# How to run Windows apps on Intel macs



## nxnw (Dec 22, 2002)

Available now for early adopters:


> WINE Arrives for Intel Macs
> Tuesday, 07 February 2006
> Though the precious dream of dual-booting our Intel Macs has not descended, a convenient alternative has arrived. Although fully functional on developers releases of OS X for Intel, the WINE compatibility layer, which allows Windows programs to run on *nix systems including OS X, was not available for the public release of 10.4.4. However, thanks to the hard work of the folks at Darwine and their contributors, it appears this barrier has been broken! Find out how to compile WINE and view screenshots in our <a href="http://forum.osx86project.org/index.php?showtopic=8699">forum</a>.

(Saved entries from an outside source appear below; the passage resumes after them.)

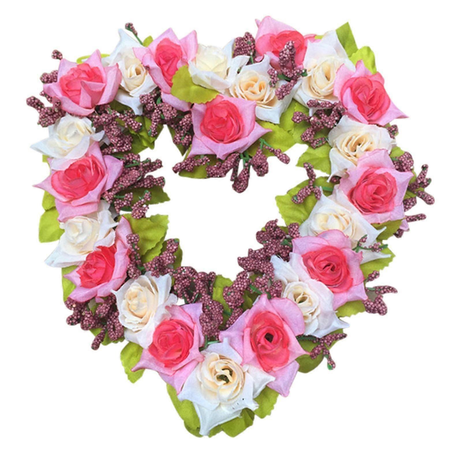 Handmade Flower Wreath for Valentine's Day Love Heart Shape Garland Wreath Wall Hanging Decoration Party Holiday Home
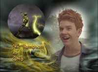 On the left, Yellow poses in front of a stormy sky with yellow lightning / on the right, Chip smiles excitedly. |
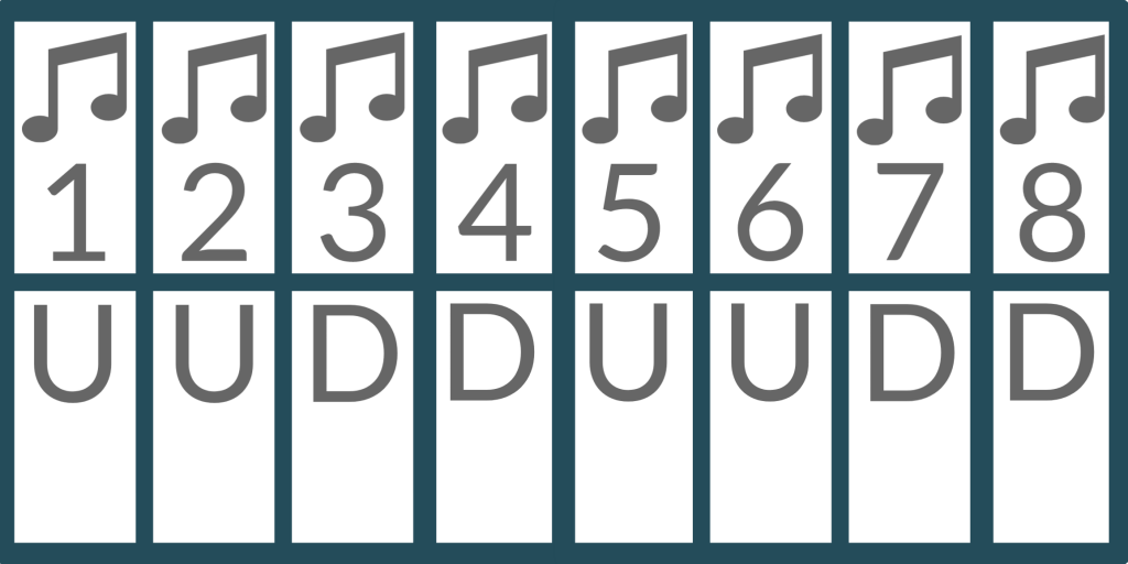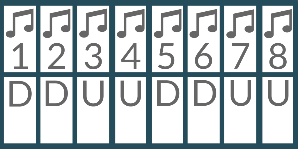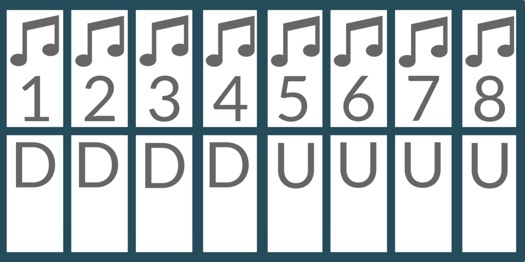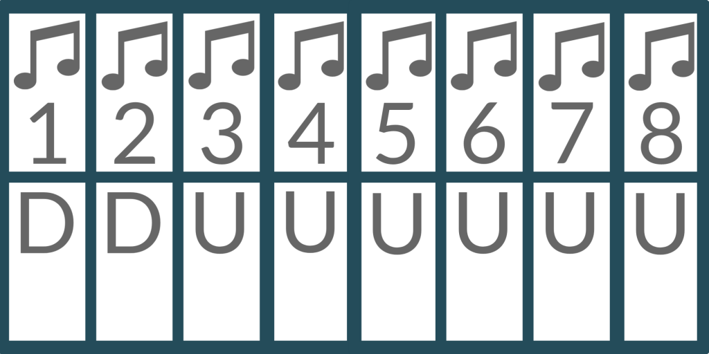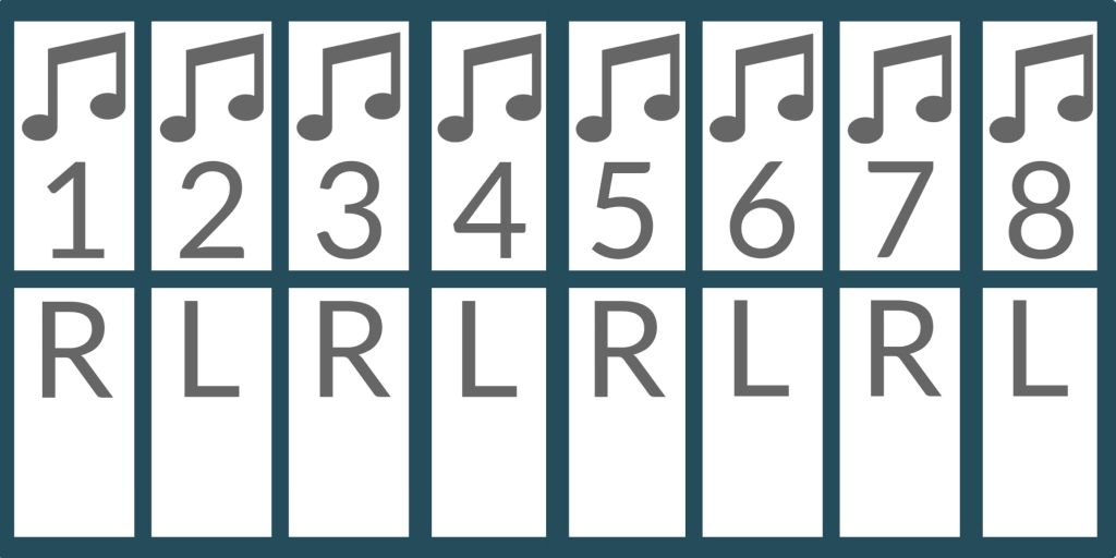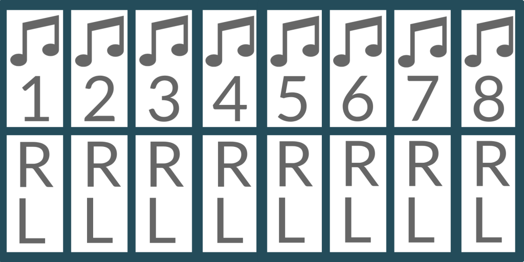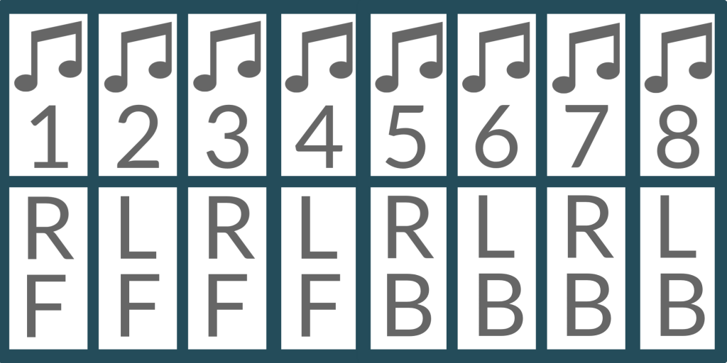 The following boxes provide a visual representation of the movements practiced in the video. The beats of music are numbered 1-8. The key notes the movement that was performed on the specific beat of music for each rhythmic variation.

For me, this is a more attractive proposition than running windows on an Intel mac (in a window, dual boot, whatever) because it offers the windows apps without the unwanted costs and risks of running windows.


----------



## ender78 (Jan 23, 2005)

nxnw said:


> Available now for early adopters:For me, this is a more attractive proposition than running windows on an Intel mac (in a window, dual boot, whatever) because it offers the windows apps without the unwanted costs and risks of running windows.



Please change the title to something like "WINE on iNTEL Macs'. Emulation is just that. Many of those that want to run windows, want to do so for games, WINE just doesnt cut it there.


----------



## darkscot (Nov 13, 2003)

Heard about this. would it cut it for the apps that need windows system files, .dll's, api e-commerce plug-ins, etc?


----------



## bmovie (Jan 18, 2003)

this would be perfect for running Quicktax during this time of year. I have a PC just for this and ONLY this if you can believe it.

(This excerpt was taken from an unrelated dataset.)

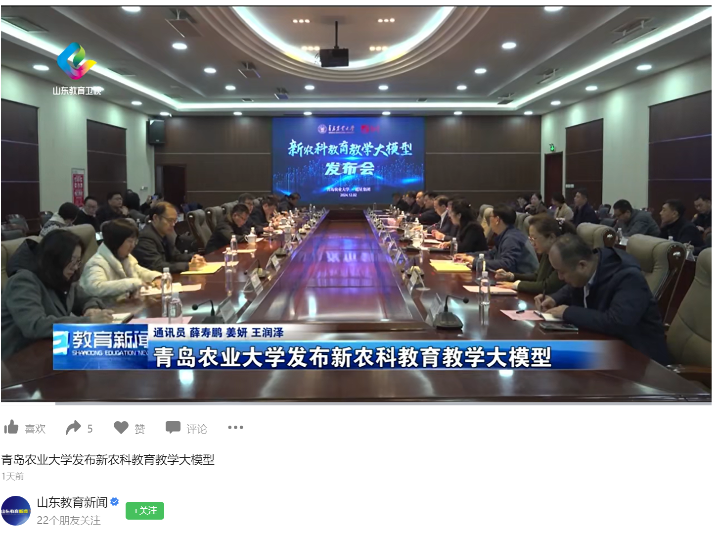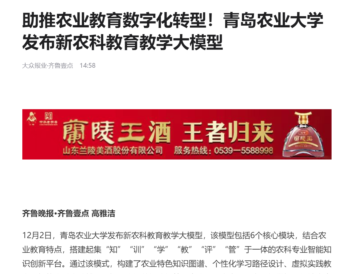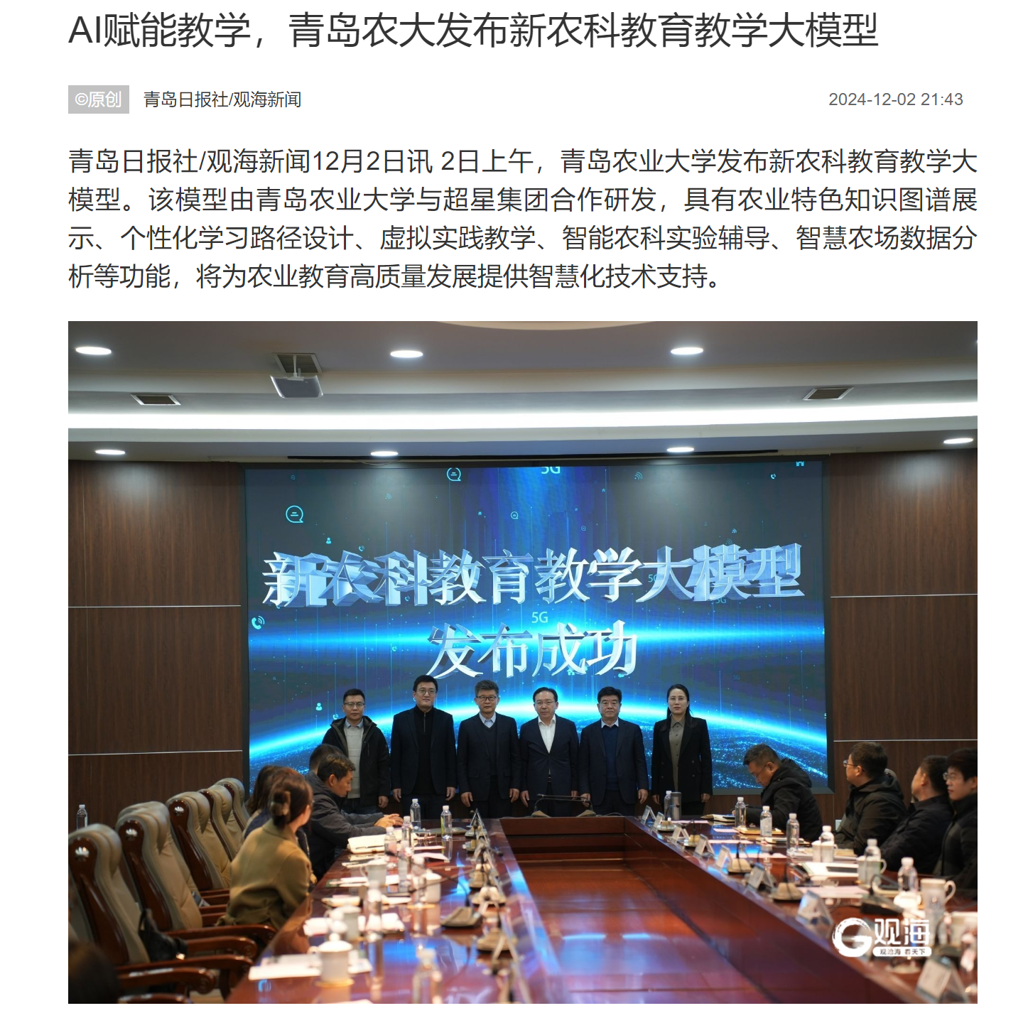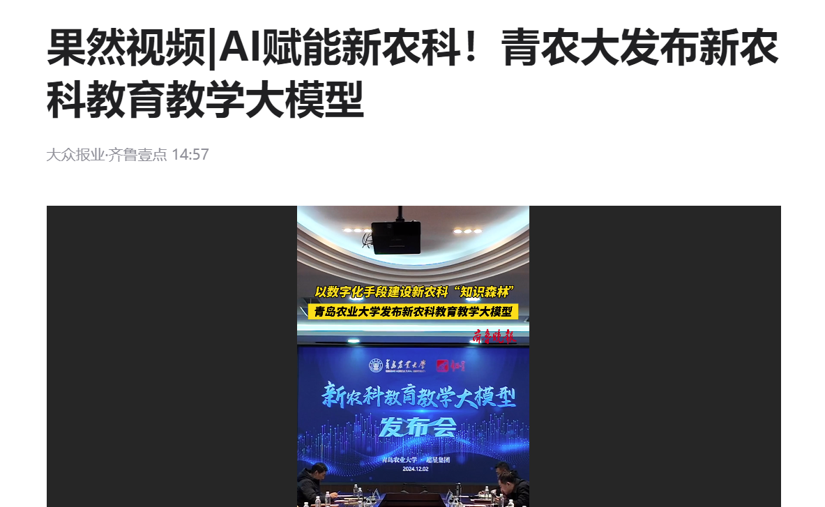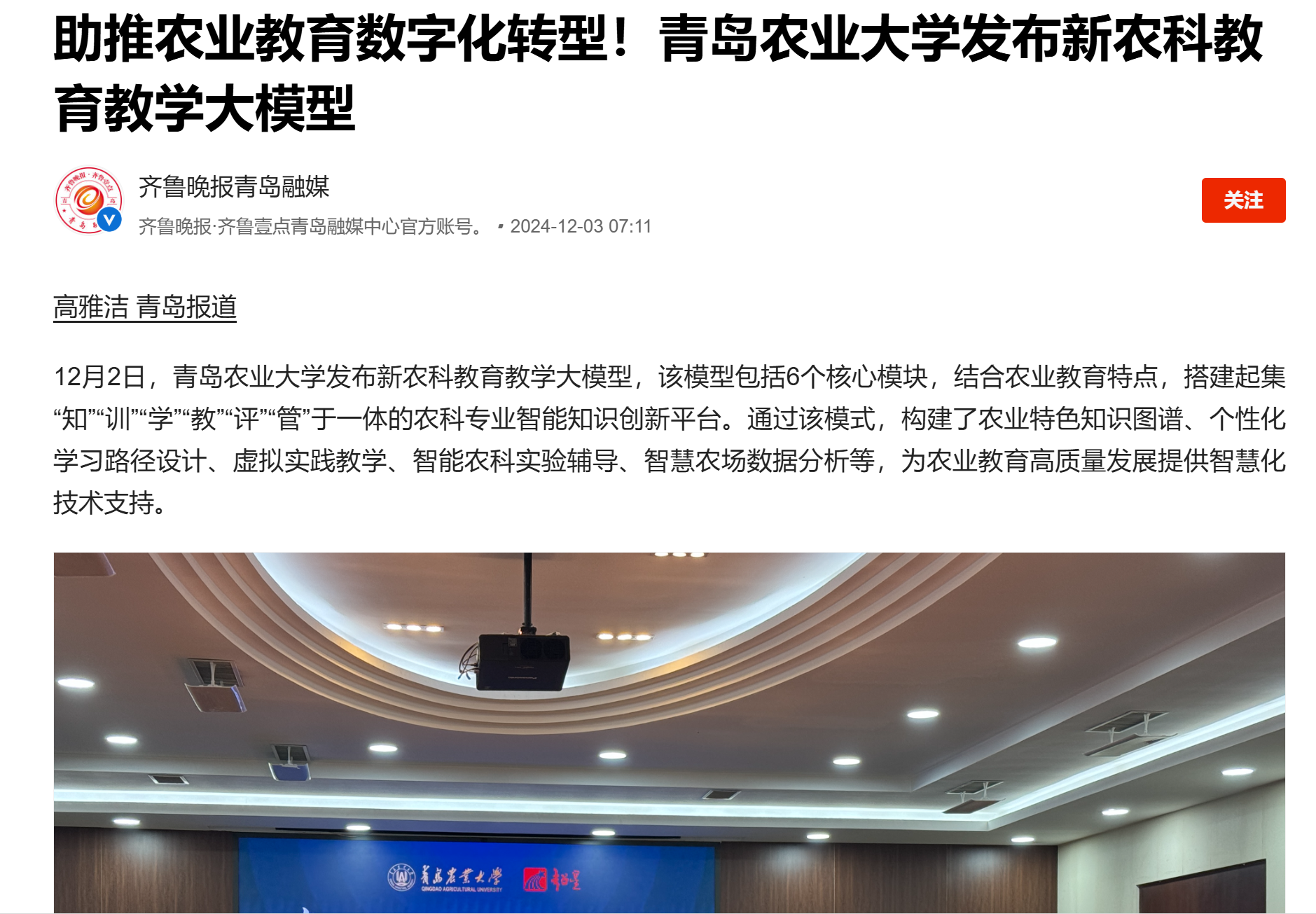 【编者按】12月2日,山东教育新闻联播、山东教育新闻、大众报业·齐鲁壹点、齐鲁晚报、青岛日报社观海新闻、大众·半岛新闻、山东教育新闻联播以《米兰milan官方网站发布新农科教育教学大模型》为题报道了米兰milan官方网站发布新农科教育教学大模型。

Pissed me off that Intuit stopped making quicktax for the Mac.

I know there are other programs but I have ALL my tax over 10 years on quicktax.


----------



## nxnw (Dec 22, 2002)

bmovie said:


> I know there are other programs but I have ALL my tax over 10 years on quicktax.


...Yeah. In classic, too.

A particularly obnoxious thing about quicktax is that you need to 2002 (for instance) application to read the 2002 tax file.


----------



## jdurston (Jan 28, 2005)

WINE is not emulation, it redirects system calls to allow .exe's to run, but it does not emulate a processor like VPC does on a PowerPC Mac.


----------



## RC51Pilot (Mar 26, 2004)

bmovie said:


> this would be perfect for running Quicktax during this time of year. I have a PC just for this and ONLY this if you can believe it.
> 
> Pissed me off that Intuit stopped making quicktax for the Mac.
> 
> I know there are other programs but I have ALL my tax over 10 years on quicktax.

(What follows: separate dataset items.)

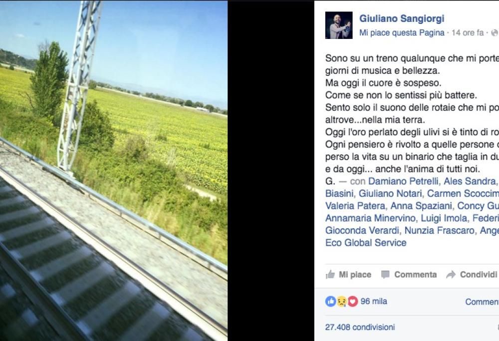 “Sono su un treno qualunque che mi porterà verso giorni di musica e bellezza – ha scritto dalla sua pagina Facebook – Ma oggi il cuore è sospeso. Come se non lo sentissi più battere. Sento solo il suono delle rotaie che mi porta altrove…nella mia terra. Oggi l’oro perlato degli ulivi si è tinto di rosso. Ogni pensiero è rivolto a quelle persone che hanno perso la vita su un binario che taglia in due la Puglia e da oggi anche l’anima di tutti noi”.
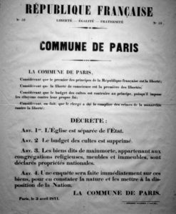 Le 18 mars 1871 débute un soulèvement appelé « la Commune de Paris ». Chacun connaît la part prise par les libres penseurs. Cette révolution prolétarienne, la plus authentique, avant celle de 1917, a marqué le mouvement ouvrier par ses idées, par ses réalisations. En moins de 3 mois, ces femmes et hommes révolutionnaires de toutes tendances, essentiellement des ouvriers, des artisans, des petits commerçants, des écrivains et artistes, fervents défenseurs de l’égalité et de la liberté, mirent au point un programme, qui devait changer la face du monde. La Commune de Paris, acte historique, devient une référence dans la conscience ouvrière et ouvre la voie à d’autres peuples dans leur combat pour leur pleine émancipation.
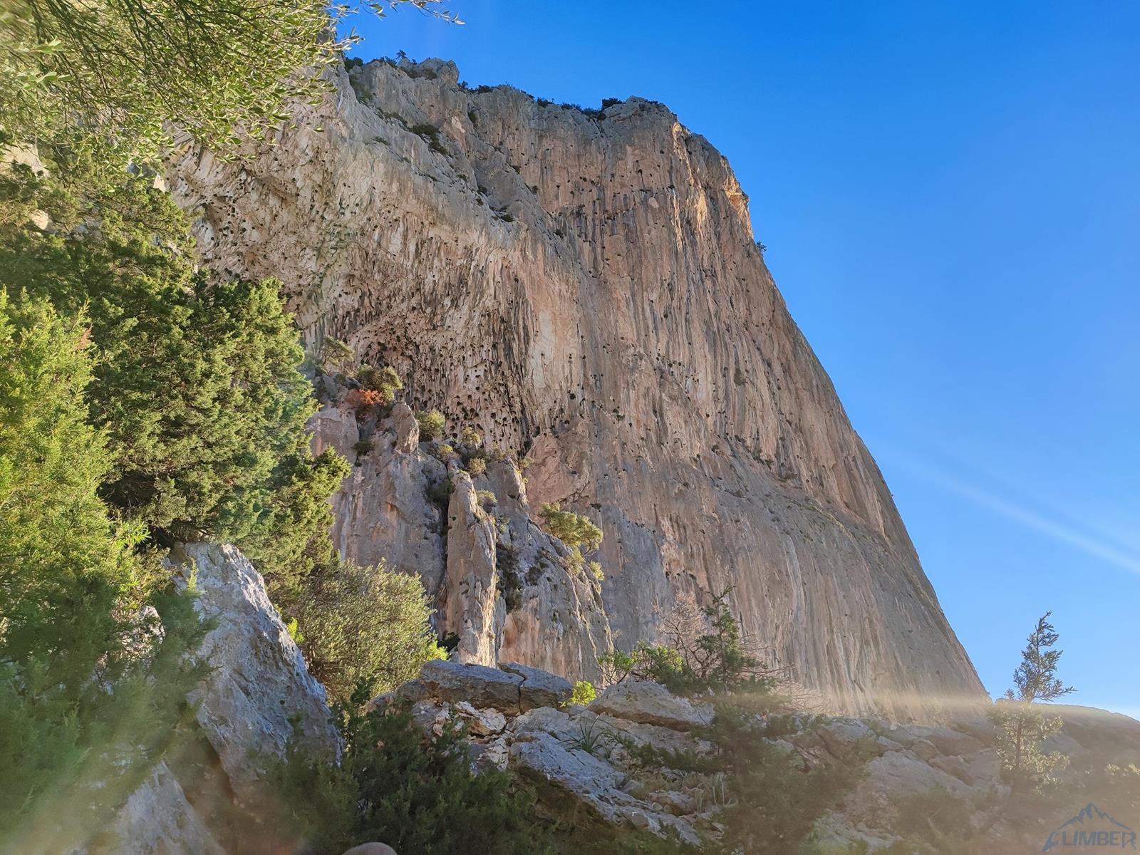 Na Sardynii jest sporo ciekawych rejonów skałkowych, to co jednak wyróżnia ją na wspinaczkowej mapie Europy to liczba ścian z drogami wielowyciągowymi. Wybierając się na wyspę zaledwie na kilka dni planowaliśmy co prawda działać na sektorach sportowych, jednak po uświadomieniu sobie ile pięknych turni mamy pod ręką, postanowiliśmy wybrać się na przynajmniej trzy z nich. I tak po wspinaniu na malowniczej Pedra Londze (RELACJA) w ostatni dzień roku 2021 przyszła kolej na widoczną z niej niesamowitą ścianę – Punta Giradili. Drogi na niej poleciła nam zresztą stała bywalczyni wyspy i zarazem jedna z najlepszych polskich wspinaczek, Ola – nie mogło więc się nie podobać!

Have you tried QuickTaxWeb? I've used it the past 3 years now and it's great. I think you can even import data from your past tax returns.


----------



## elmer (Dec 19, 2002)

jdurston said:


> WINE is not emulation


False.


> , it redirects system calls to allow .exe's to run, but it does not emulate a processor like VPC does on a PowerPC Mac.


True.
Operating system emulation is still emulation. The performance hit is much less, but the compatibility/stability/support/real-time-dynamics/API-incompleteness issues still exist.


----------



## randomdef (Sep 12, 2005)

elmer said:


> False.



true, thats what WINE stands for ass. WINE IS NOT EMULATION. W.I.N.E.


----------



## RISCHead (Jul 20, 2004)

randomdef said:


> true, thats what WINE stands for ass. WINE IS NOT EMULATION. W.I.N.E.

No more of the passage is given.